Excerpts from a dataset:
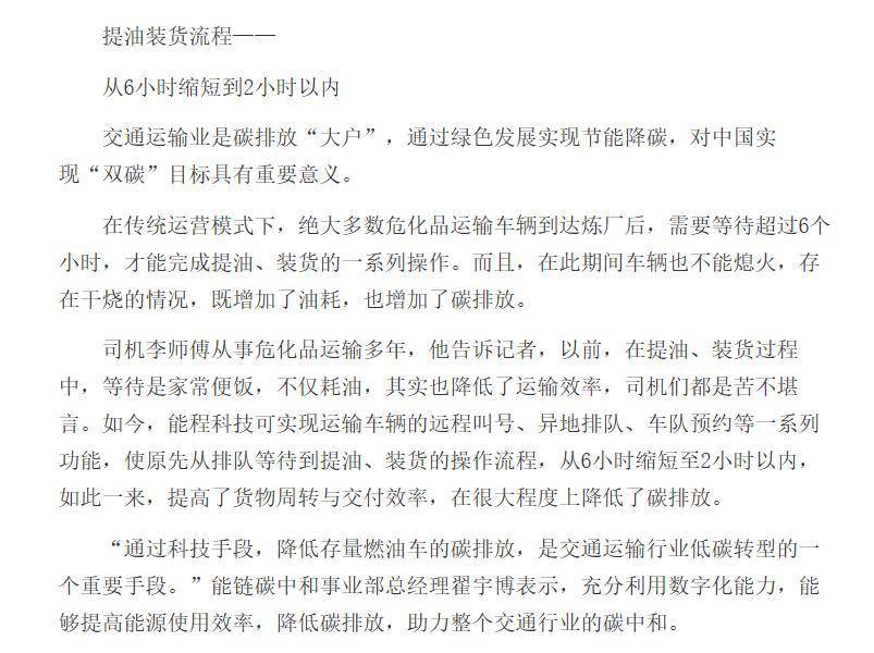 以交通能源行业的中游物流运输场景为例。在传统模式下,绝大多数油品运输车辆到达炼厂后,需等待超过6个小时,才能完成提油、装货的一系列操作。在此期间,车辆存在干烧情况,增加了油耗及相应碳排放。而能程科技基于数字化技术,可实现运输车辆的远程叫号、异地排队、车队预约等功能,将原来提油过程的等待时间缩短至2小时以内,大幅提高装货效率,减少车辆排队时未熄火干烧情况,进而降低碳排放。
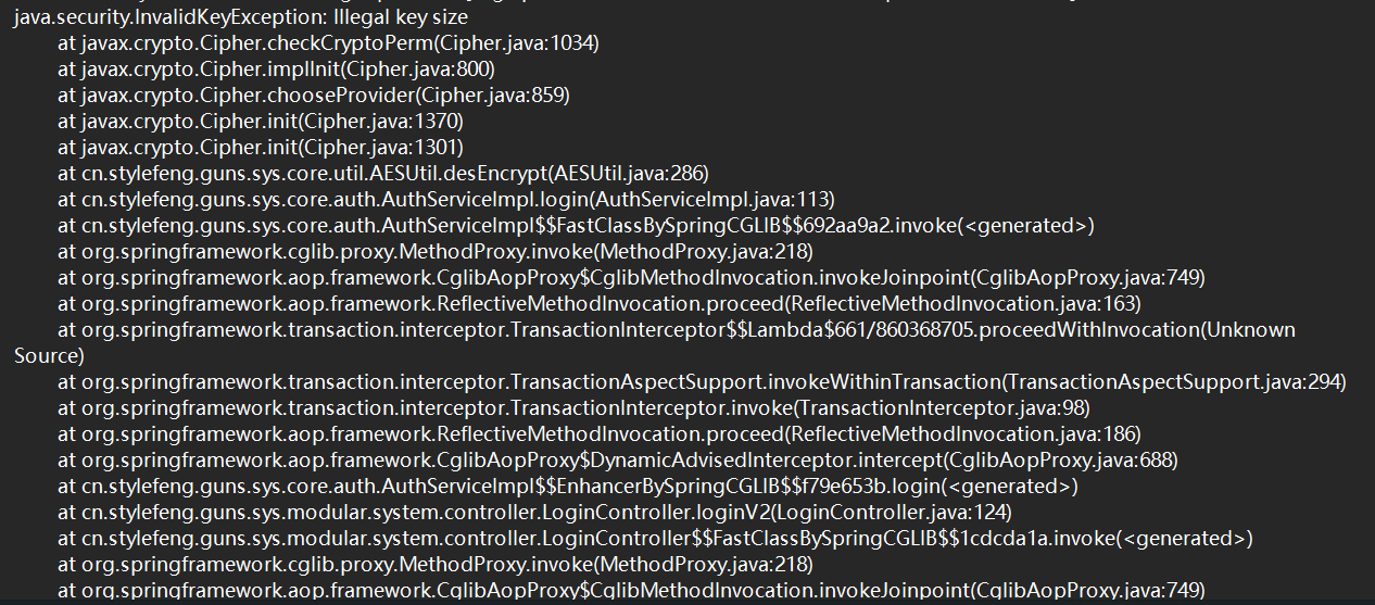 at cn.stylefeng.guns.sys.core.util.AESUtil.desEncrypt(AESUtil.java:286)
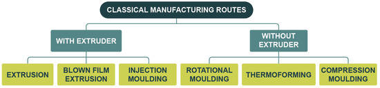 This type of material can be processed into the different formats required for the specific needs of food packaging, mainly films, trays, jars, or bottles. As a result, there are various production routes and equipment available on the market, designed to provide a good mix of materials and the appropriate shape. However, stricter regulations and more environmentally conscious consumer demands are gradually replacing oil-based plastics with more sustainable alternatives. The latter can be biobased, biodegradable, or have a high recycled content. Nevertheless, they are generally more expensive, more sensitive to the processing conditions, and have lower technical performance [10].
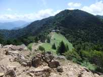 | ←岩山を通り過ぎ、後を振り向くと今まで歩いて来た道がくっきりと見えていました→。 これだけ歩いて来たのかぁ〜。しみじみ。 |
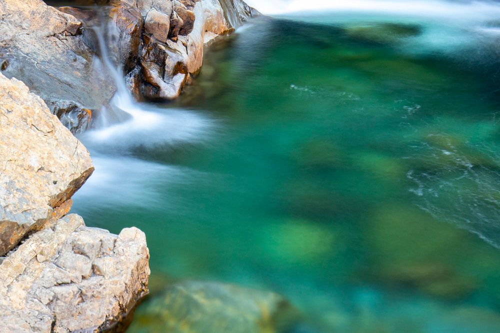 Dit kristal heldere water is gefotografeerd bij de Fairy Pools op het eiland Skye in Schotland. Het water is super helder en prachtig mooi om te zien. Deze foto is gemaakt met een lange sluitertijd waardoor het water mooi glad is geworden.
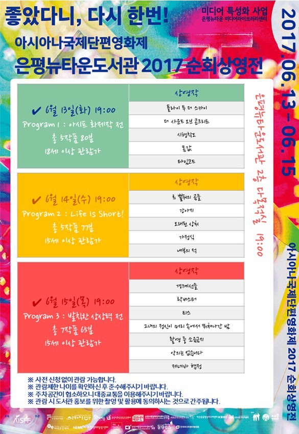 구립은평뉴타운도서관은 이외에도 2017 지역영상미디어센터 활성화 지원 상영지원사업의 일환으로 다양한 상영회 및 부대·교육프로그램을 운영할 예정이다.

▶ **Instructions for the task**
Go through the records above and write out every line exactly, passing over the pictures.

▶ **Finished exercise**
 以交通能源行业的中游物流运输场景为例。在传统模式下,绝大多数油品运输车辆到达炼厂后,需等待超过6个小时,才能完成提油、装货的一系列操作。在此期间,车辆存在干烧情况,增加了油耗及相应碳排放。而能程科技基于数字化技术,可实现运输车辆的远程叫号、异地排队、车队预约等功能,将原来提油过程的等待时间缩短至2小时以内,大幅提高装货效率,减少车辆排队时未熄火干烧情况,进而降低碳排放。
 at cn.stylefeng.guns.sys.core.util.AESUtil.desEncrypt(AESUtil.java:286)
 This type of material can be processed into the different formats required for the specific needs of food packaging, mainly films, trays, jars, or bottles. As a result, there are various production routes and equipment available on the market, designed to provide a good mix of materials and the appropriate shape. However, stricter regulations and more environmentally conscious consumer demands are gradually replacing oil-based plastics with more sustainable alternatives. The latter can be biobased, biodegradable, or have a high recycled content. Nevertheless, they are generally more expensive, more sensitive to the processing conditions, and have lower technical performance [10].
 | ←岩山を通り過ぎ、後を振り向くと今まで歩いて来た道がくっきりと見えていました→。 これだけ歩いて来たのかぁ〜。しみじみ。 |
 Dit kristal heldere water is gefotografeerd bij de Fairy Pools op het eiland Skye in Schotland. Het water is super helder en prachtig mooi om te zien. Deze foto is gemaakt met een lange sluitertijd waardoor het water mooi glad is geworden.
 구립은평뉴타운도서관은 이외에도 2017 지역영상미디어센터 활성화 지원 상영지원사업의 일환으로 다양한 상영회 및 부대·교육프로그램을 운영할 예정이다.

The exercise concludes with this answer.